**PROBLEM DESCRIPTION:** Omit the images, then print each record below exactly as it reads.

(Dataset records)

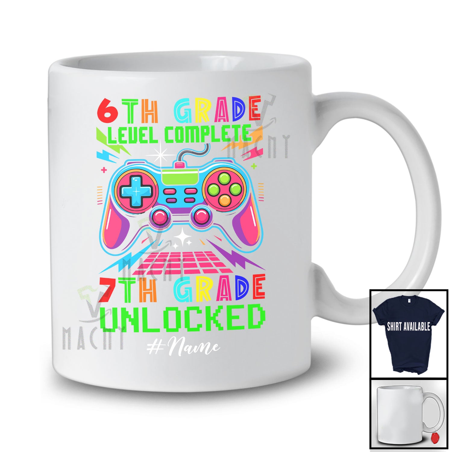 Personalized Custom Name 6th Grade Complete 7th Grade Unlocked; Joyful Back To School Gamer T-Shirt. This cotton t-shirt is a durable staple product with a classic fit. One of the most popular items, it has a relaxed style made for everyday and casual wear.
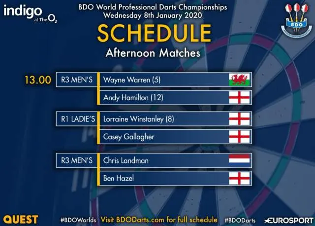 Vanmiddag gaat het BDO WK weer verder waarbij 's middags Chris Landman in actie zal komen. Hij treft Ben Hazel in de laatste partij van de middagsessie. Daarvoor zal het de beurt zijn aan
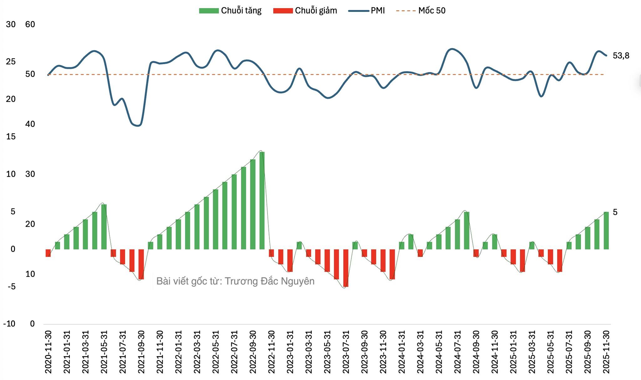 Tháng 11 vừa rồi PMI đạt 53,8 cao hơn ngưỡng 50 rõ rệt, cho ta biết thấy điều kiện kinh doanh tiếp tục đang cải thiện dần. Đặc biệt hơn đây chuỗi tháng cải thiện đã kéo dài đến 5 tháng liên tiếp (tháng 7 đến tháng 11/2025) cho chúng ta nhiều kì vọng sản xuất kinh doanh sẽ cải thiện mạnh mẽ hơn từ đầu năm 2026 tới.
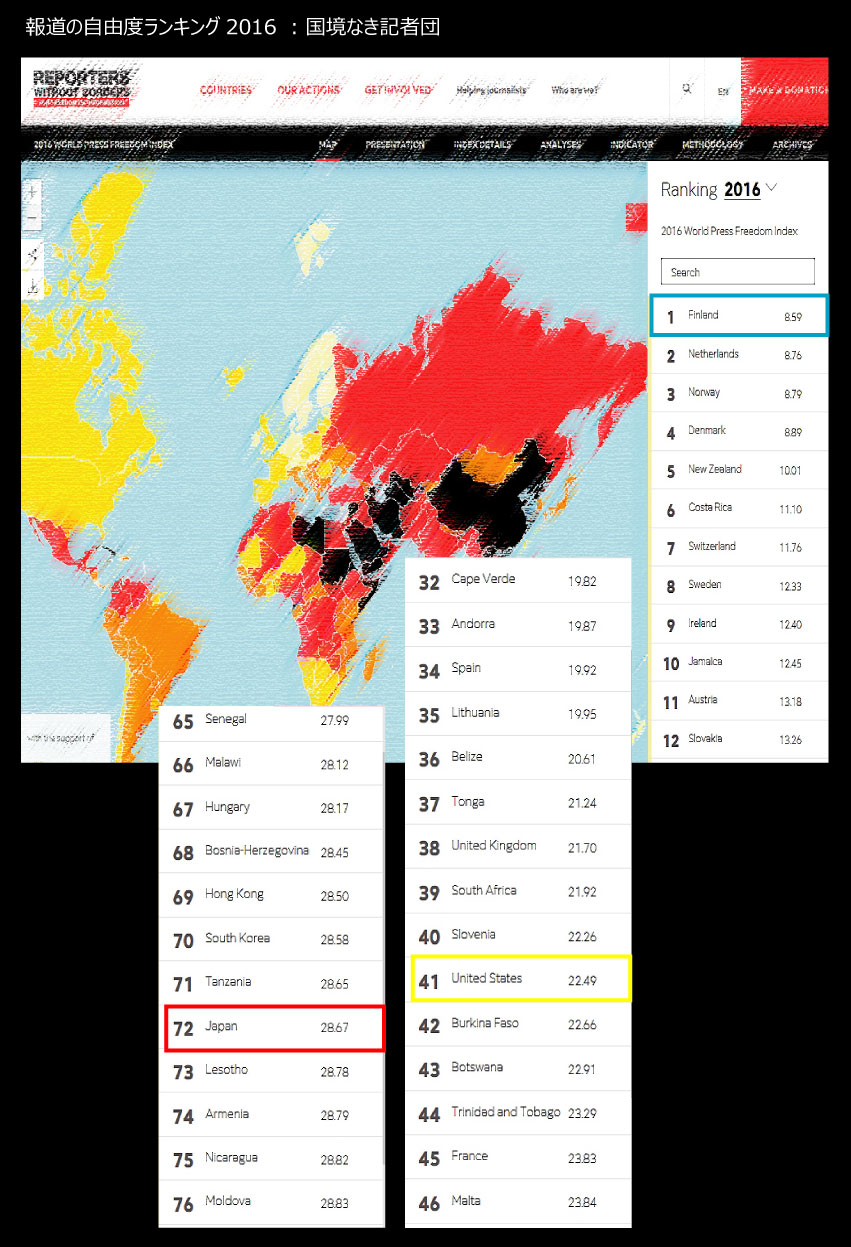 国境なき記者団により毎年発表されている “ 報道の自由度ランキング ” で日本は次のような結果となってしまいました。
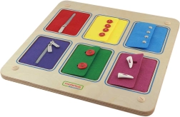 Diese hochwertige, hölzerne Lerntafel bietet Kindern einen sicheren Raum, um echte Schließmechanismen zu üben. Jede der 6 horizontalen Taschen stellt eine andere, von Jacken, Hoodies oder Hemden bekannte Schließart dar, sodass Kinder Fähigkeiten lernen, die sie jeden Tag anwenden.
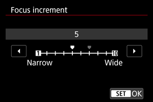 Задайте стъпката на изместване на позицията на фокуса. Тази стойност се настройва автоматично в съответствие със стойността на отвора на диафрагмата по време на снимане.
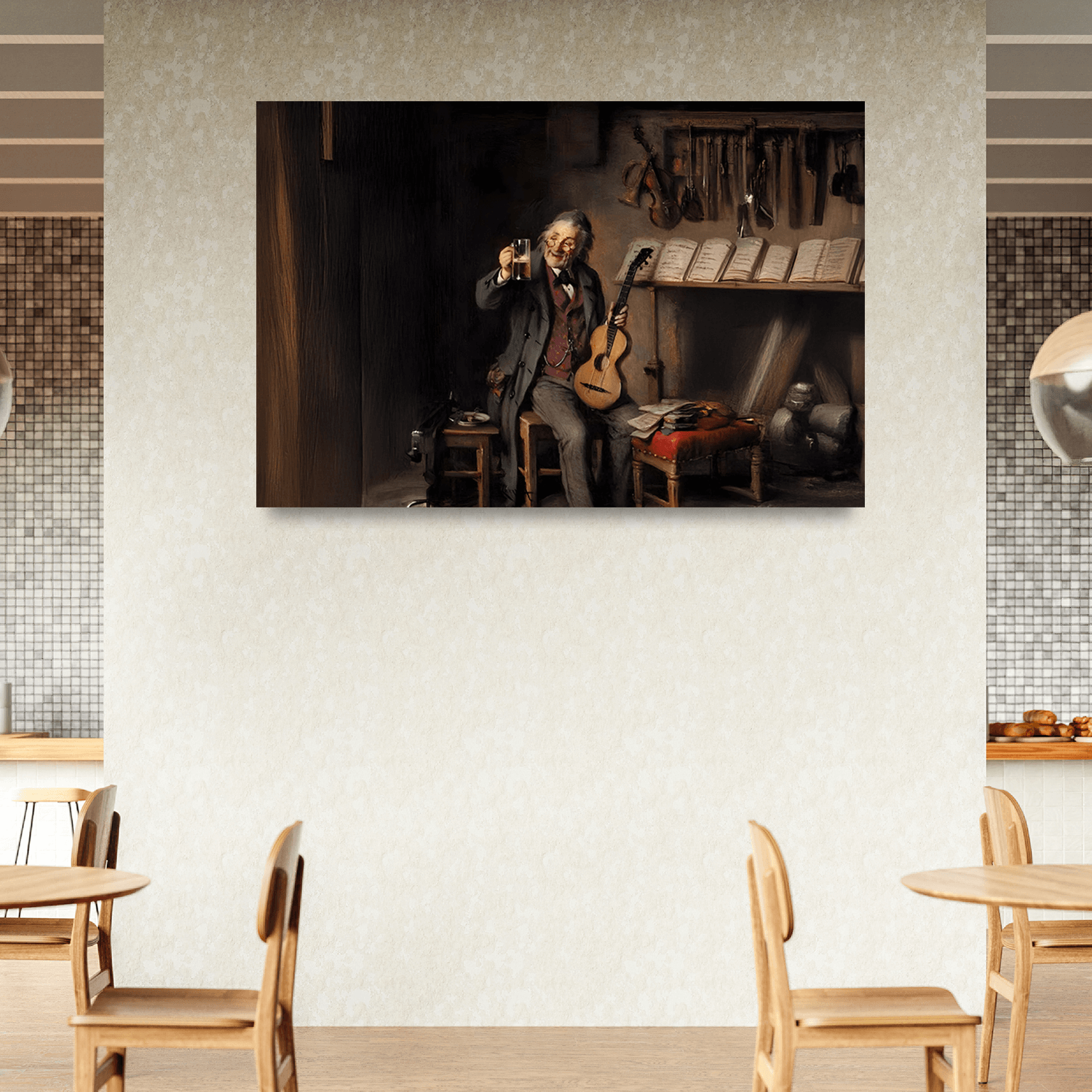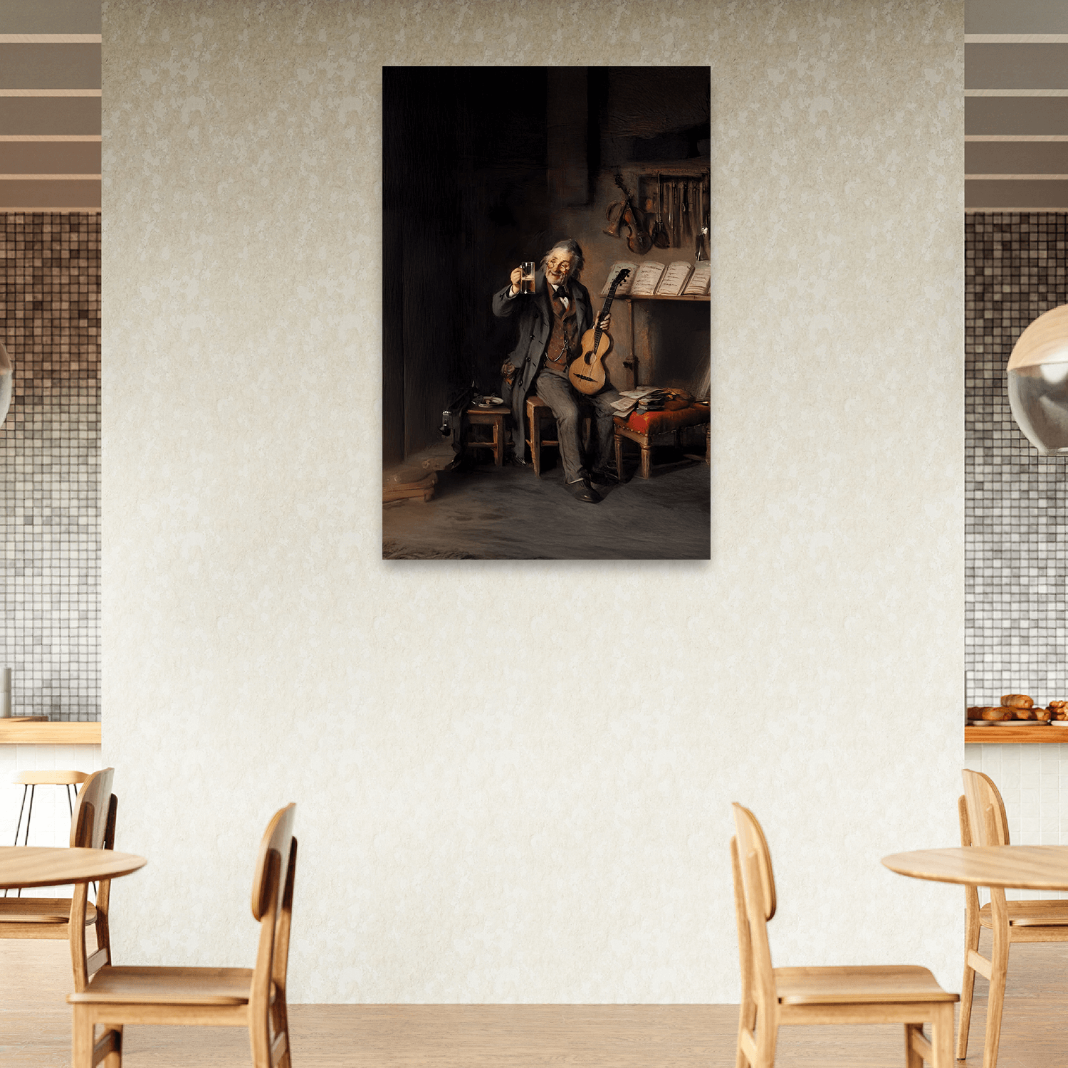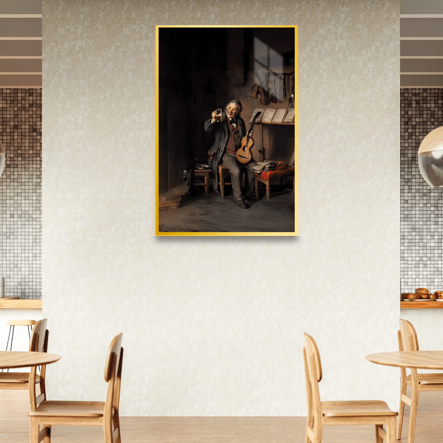 “Köpükteki Melodi”, bar ya da kahve molasına eşlik eden rahatlatıcı bir içecek anını, bar ortamına uygun tablolar arasında keyifli bir görsel formda sunar. Kafelerde sıcaklık, samimiyet ve tarzın birleşimidir.

**RESPONSE TO THIS TASK:**
 Personalized Custom Name 6th Grade Complete 7th Grade Unlocked; Joyful Back To School Gamer T-Shirt. This cotton t-shirt is a durable staple product with a classic fit. One of the most popular items, it has a relaxed style made for everyday and casual wear.
 Vanmiddag gaat het BDO WK weer verder waarbij 's middags Chris Landman in actie zal komen. Hij treft Ben Hazel in de laatste partij van de middagsessie. Daarvoor zal het de beurt zijn aan
 Tháng 11 vừa rồi PMI đạt 53,8 cao hơn ngưỡng 50 rõ rệt, cho ta biết thấy điều kiện kinh doanh tiếp tục đang cải thiện dần. Đặc biệt hơn đây chuỗi tháng cải thiện đã kéo dài đến 5 tháng liên tiếp (tháng 7 đến tháng 11/2025) cho chúng ta nhiều kì vọng sản xuất kinh doanh sẽ cải thiện mạnh mẽ hơn từ đầu năm 2026 tới.
 国境なき記者団により毎年発表されている “ 報道の自由度ランキング ” で日本は次のような結果となってしまいました。
 Diese hochwertige, hölzerne Lerntafel bietet Kindern einen sicheren Raum, um echte Schließmechanismen zu üben. Jede der 6 horizontalen Taschen stellt eine andere, von Jacken, Hoodies oder Hemden bekannte Schließart dar, sodass Kinder Fähigkeiten lernen, die sie jeden Tag anwenden.
 Задайте стъпката на изместване на позицията на фокуса. Тази стойност се настройва автоматично в съответствие със стойността на отвора на диафрагмата по време на снимане.
 “Köpükteki Melodi”, bar ya da kahve molasına eşlik eden rahatlatıcı bir içecek anını, bar ortamına uygun tablolar arasında keyifli bir görsel formda sunar. Kafelerde sıcaklık, samimiyet ve tarzın birleşimidir.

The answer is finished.